The Pentaho Modeler is a metadata modeling tool that makes it possible for you to customize the models without having to understand the underlying database structure or having to understand SQL and MDX. If you are not familiar with metadata modeling, think of it this way metadata is simply "data about data." For example, a database contains fields, such as customer name, address, city, and state. Among other things, metadata provides the naming conventions for the fields, describes their size, and specifies what is allowed in the field, such as numeric values only.
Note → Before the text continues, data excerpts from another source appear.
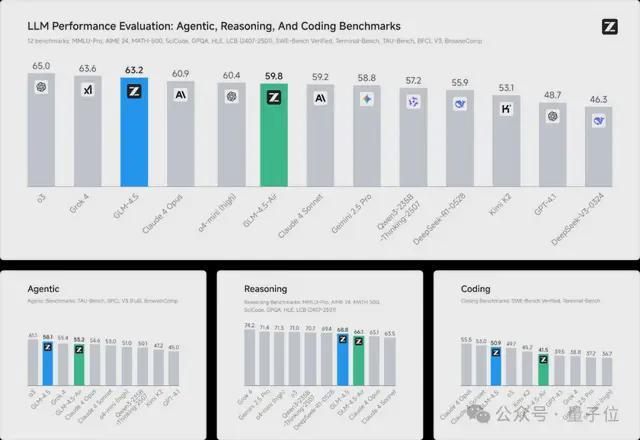 评测结果显示,GLM-4.5的综合平均分全球范围内第三(仅次于闭源的o3、Grok4),而在开源和国产两个维度均取得第一的成绩!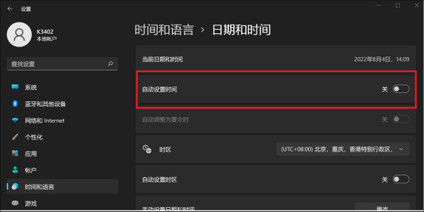 Windows11/10系统日期和时间默认是开启“自动设置时间”的,即自动同步网络时间。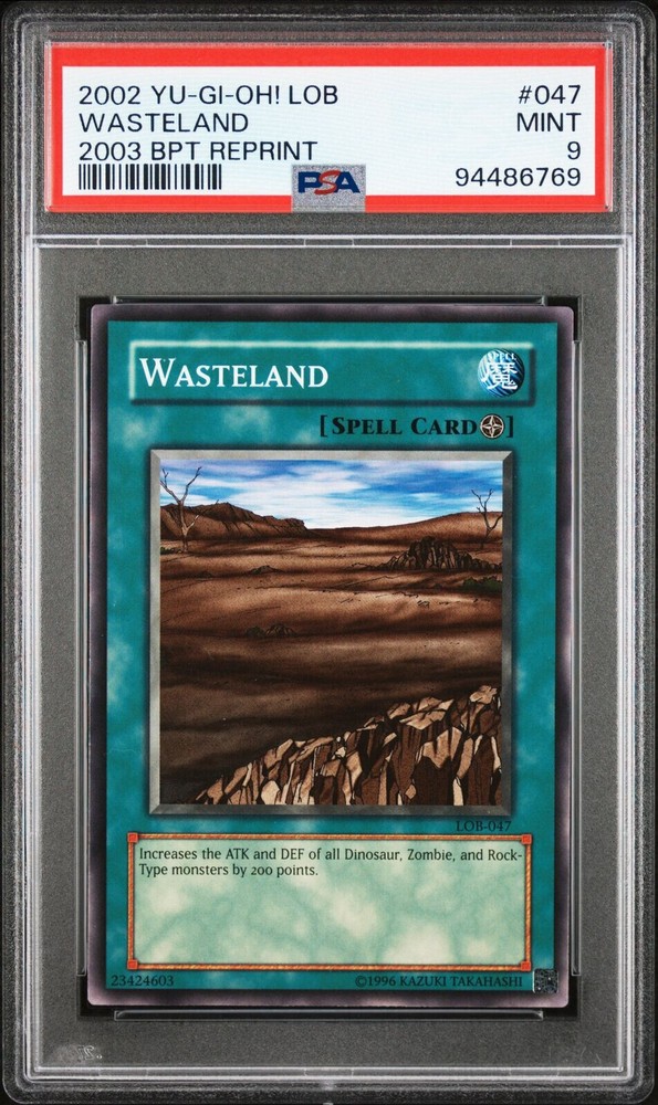 The product is a Yu-Gi-Oh! Trading Card Game card from the Legend of Blue Eyes White Dragon set, specifically card number 047, titled "Waste Land." This card has been professionally graded by PSA as a 9, indicating its high quality and value to collectors. It features in the CCG Individual Cards and Collectible Card Games categories, making it a sought-after item for enthusiasts of the Yu-Gi-Oh! TCG.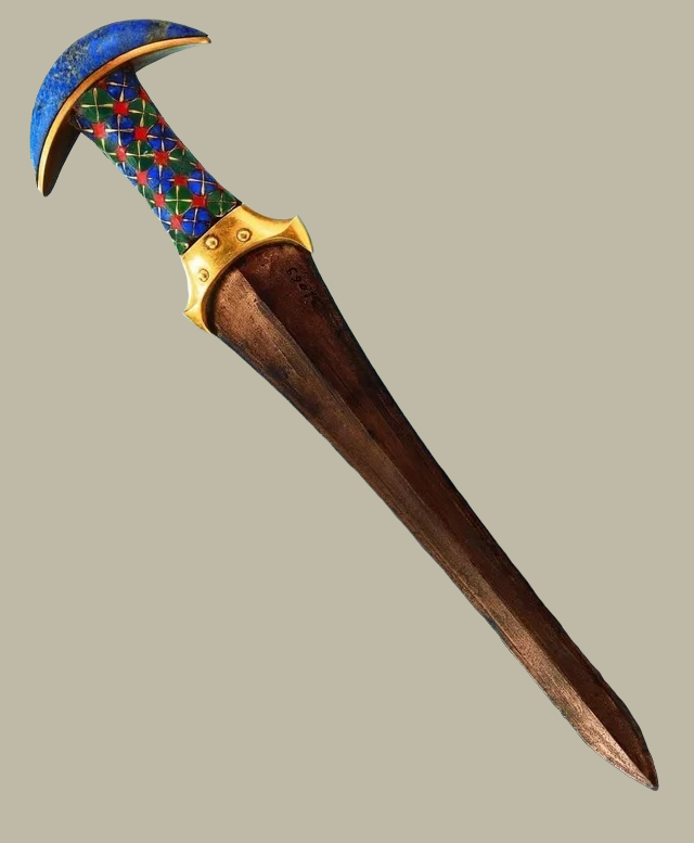 Кинжал имеет клинок финикийской формы, но узоры на рукояти были распространены на Крите. Ученые предполагают, что кинжал был привезен из Библоса в Финикии или с Крита, либо был изготовлен иностранным мастером при царском дворе в Египте.

If you were to hand a database file to a user, without providing the associated metadata, the file would appear as a long string of characters. Metadata defines how data is extracted into fields and records. Click OK in the Data Source Model dialog box to keep your default model. The new data source is added to the list of available data sources that users select when creating a new Interactive Report, a dashboard, or Analyzer report.
You can edit ( ) your data source by clicking Manage Existing in the Pentaho User Console launch page. For more information about customizing your data source, see Customizing a Reporting Data Source and Customizing an Analysis Data Source in the Pentaho User Console Guide.
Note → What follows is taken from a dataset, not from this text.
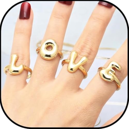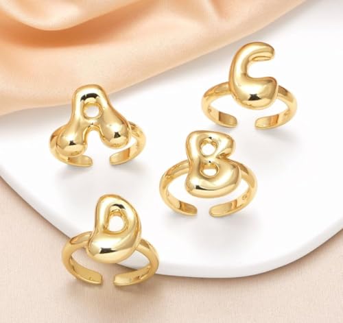 Generic - خاتم للنساء على شكل فقاعات، خواتم أنيقة مطلية بالذهب خواتم مجوهرات مفتوحة من الحروف الأبجدية من حرف ( A )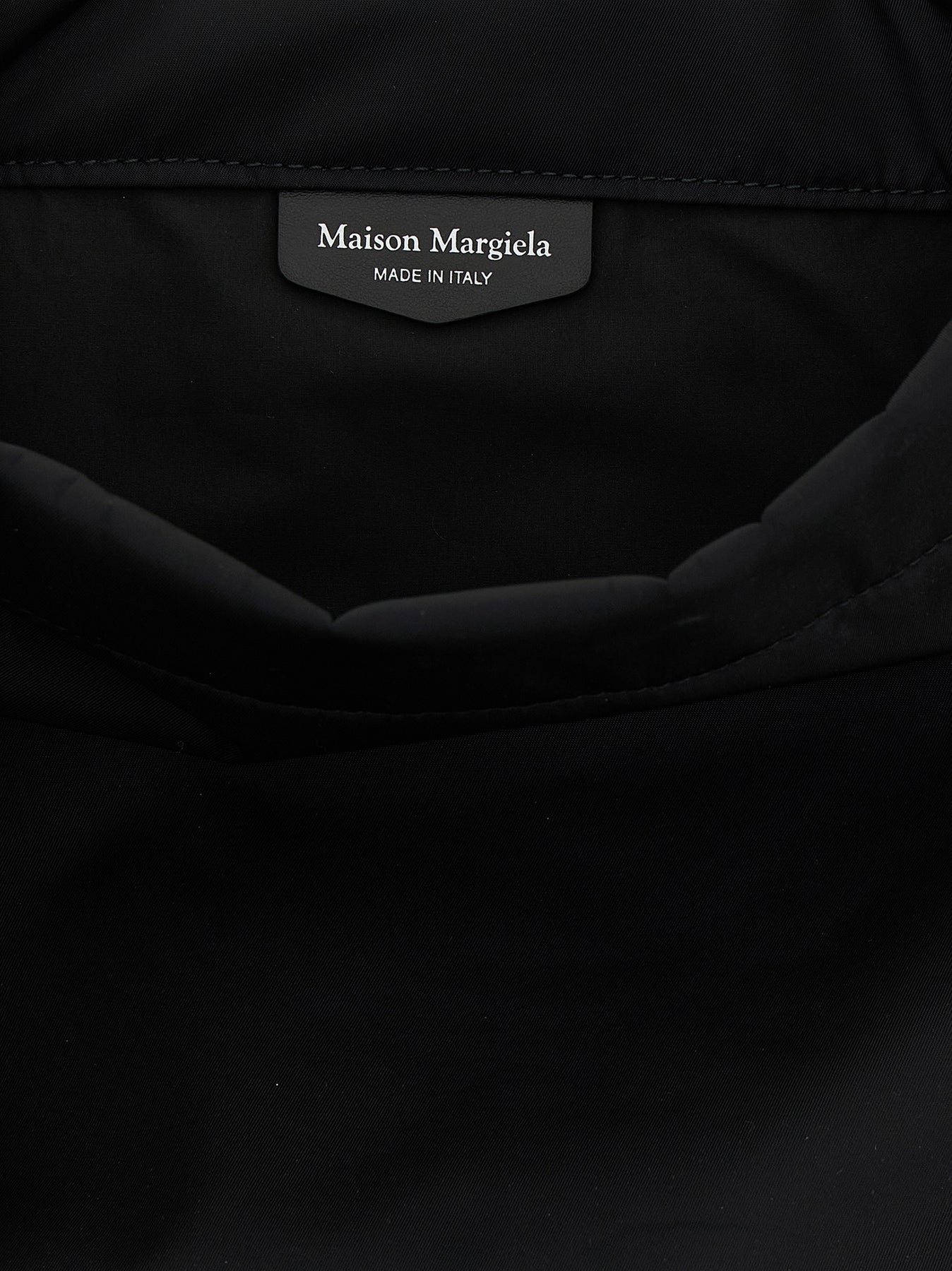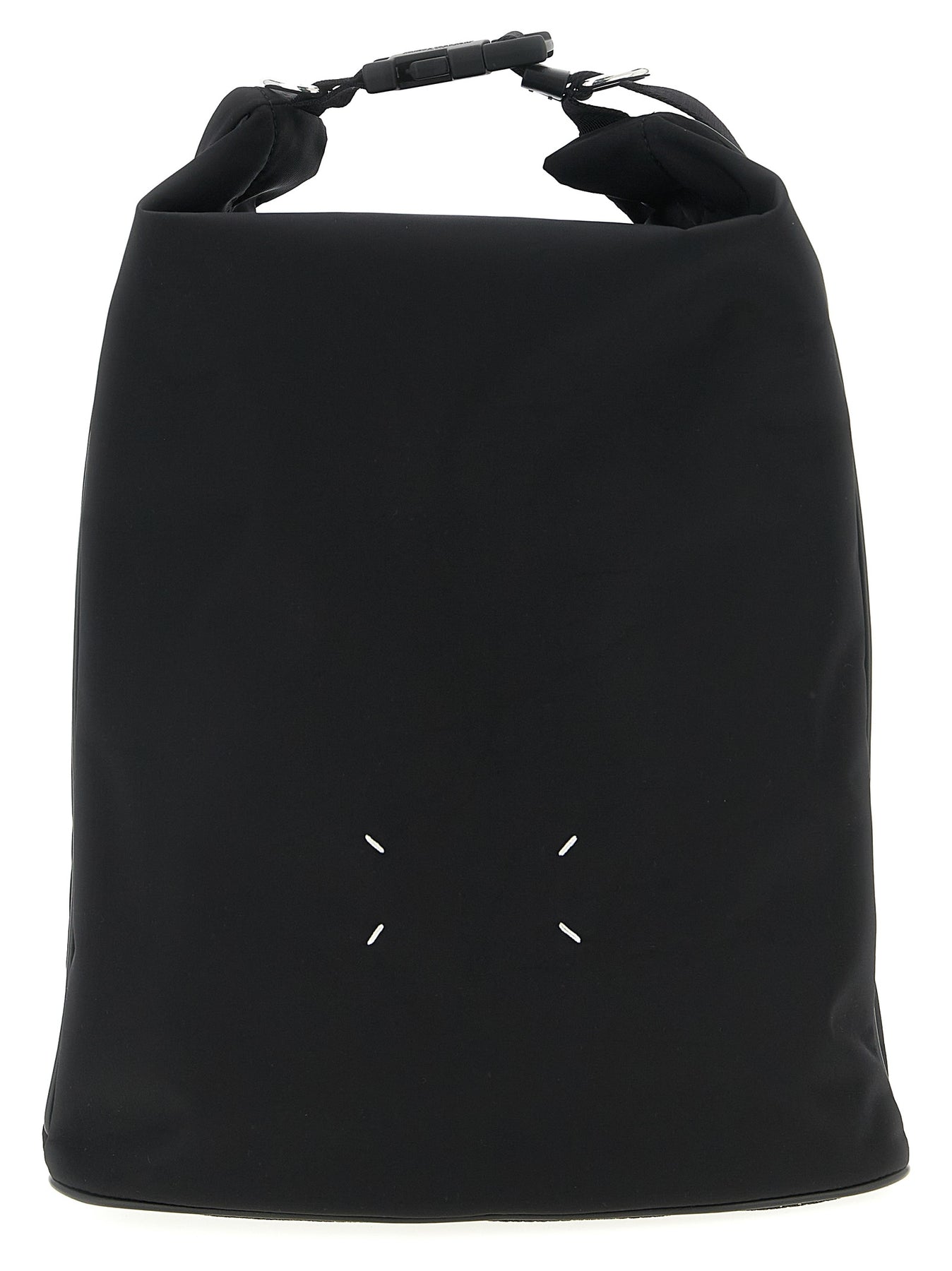 Structured tech fabric backpack with leather details, padded mesh base, roll-up closure with 'Numeric signature MM6' tuc, name pocket with embossed logo, adjustable and removable ribbon shoulder straps, 'Four stitches' at the back.

Making sure the BI Server and MySQL have started If you selected to launch the User Console or Enterprise Console, the installer automatically starts the BI Server, Solution Repository, and Enterprise Console. You can check to see if the Pentaho BI Server and the MySQL database that contains the Pentaho Solution Repository have started by launching Services from the Control Panel. Go to Start -> Control Panel -> Administrative Tools -> Services. Alternatively, you can type services.msc in the Run command on the Start menu. Under local Services scroll down to Pentaho BI Server. In the image below, the Pentaho BI Server is started on Tomcat. The Pentaho Solution Repository (MySQL) is also started.
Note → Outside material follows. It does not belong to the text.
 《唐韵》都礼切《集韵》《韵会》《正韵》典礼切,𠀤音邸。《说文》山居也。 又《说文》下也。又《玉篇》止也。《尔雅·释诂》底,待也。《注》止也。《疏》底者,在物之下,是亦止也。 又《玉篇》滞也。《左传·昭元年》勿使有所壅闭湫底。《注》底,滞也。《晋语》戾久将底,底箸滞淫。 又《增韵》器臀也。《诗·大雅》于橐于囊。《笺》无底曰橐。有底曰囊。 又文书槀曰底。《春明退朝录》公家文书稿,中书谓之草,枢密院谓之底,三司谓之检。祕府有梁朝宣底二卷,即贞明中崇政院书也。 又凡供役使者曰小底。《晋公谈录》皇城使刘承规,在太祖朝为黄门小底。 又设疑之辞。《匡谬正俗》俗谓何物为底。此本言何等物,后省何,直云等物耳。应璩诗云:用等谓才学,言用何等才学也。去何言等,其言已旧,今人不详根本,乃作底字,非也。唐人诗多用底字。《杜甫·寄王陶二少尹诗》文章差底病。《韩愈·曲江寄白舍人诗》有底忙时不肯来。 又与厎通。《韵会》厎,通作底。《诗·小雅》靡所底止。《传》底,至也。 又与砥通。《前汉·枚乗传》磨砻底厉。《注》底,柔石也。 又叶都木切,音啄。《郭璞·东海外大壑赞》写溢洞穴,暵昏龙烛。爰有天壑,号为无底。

Note: Right-click on the BI Server or Solution Repository in the Services window to start or stop them. Alternatively, you can start the BI Server by navigating to Start -> Programs -> Pentaho Enterprise Edition > Server Management -> Start BI Server. The MySQL database starts automatically when you log on to your device.
Follow the instructions below before you call support to resolve an issue. The support staff must know what components have been installed. 1. Navigate to the folder that contains Pentaho installation; for example, C:\Program Files\pentaho. 2. Locate and open the following file: installation-summary.txt. 3. Copy the contents of the file and send it, via email, to the support technician as instructed.